Una volta verificato lo stato di distribuzione del certificato, è possibile configurare il trust per passare al nuovo certificato. Dopo il passaggio, il certificato corrente viene designato come certificato precedente, mentre quello nuovo viene designato come certificato corrente. Il nuovo certificato viene pubblicato nel sistema di autenticazione Microsoft Entra e tutti i nuovi token scambiati con il sistema di autenticazione Microsoft Entra vengono crittografati usando il nuovo certificato.

Nota

Questo processo di transizione del certificato viene utilizzato solo dalla federazione. Se si utilizza lo stesso certificato per altre funzionalità di Exchange 2013 per cui sono necessari i certificati, è necessario considerare i requisiti delle funzionalità quando si intende ottenere, installare o passare a un nuovo certificato.

Considerazioni sul firewall per la federazione

Le funzionalità di federazione richiedono l'accesso in uscita a Internet tramite HTTPS per i server Cassette postali e Accesso client dell'organizzazione. È necessario consentire l'accesso HTTPS in uscita (porta 443 per TCP) da tutti i server Accesso client di Exchange 2013 dell'organizzazione.

Affinché un'organizzazione esterna possa avere accesso alle informazioni sulla disponibilità dell'organizzazione, è necessario pubblicare un server Accesso client su Internet.

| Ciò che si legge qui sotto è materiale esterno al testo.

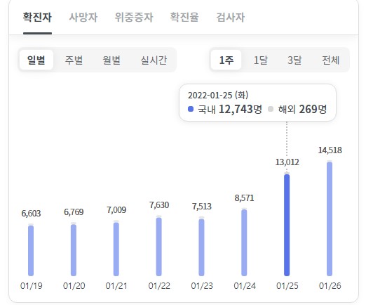 지난 1월 19일 부터 연일 확진자의 수는 증가하고 있는 추세인데요

Ciò richiede l'accesso HTTPS in ingresso da Internet al server Accesso client. I server Accesso client dei siti di Active Directory che non dispongono di un server Accesso client pubblicato su Internet possono utilizzare i server Accesso client di altri siti di Active Directory accessibili da Internet. I server Accesso client non pubblicati su Internet devono disporre dell'URL esterno della directory virtuale dei servizi Web impostata con l'URL visibile alle organizzazioni esterne.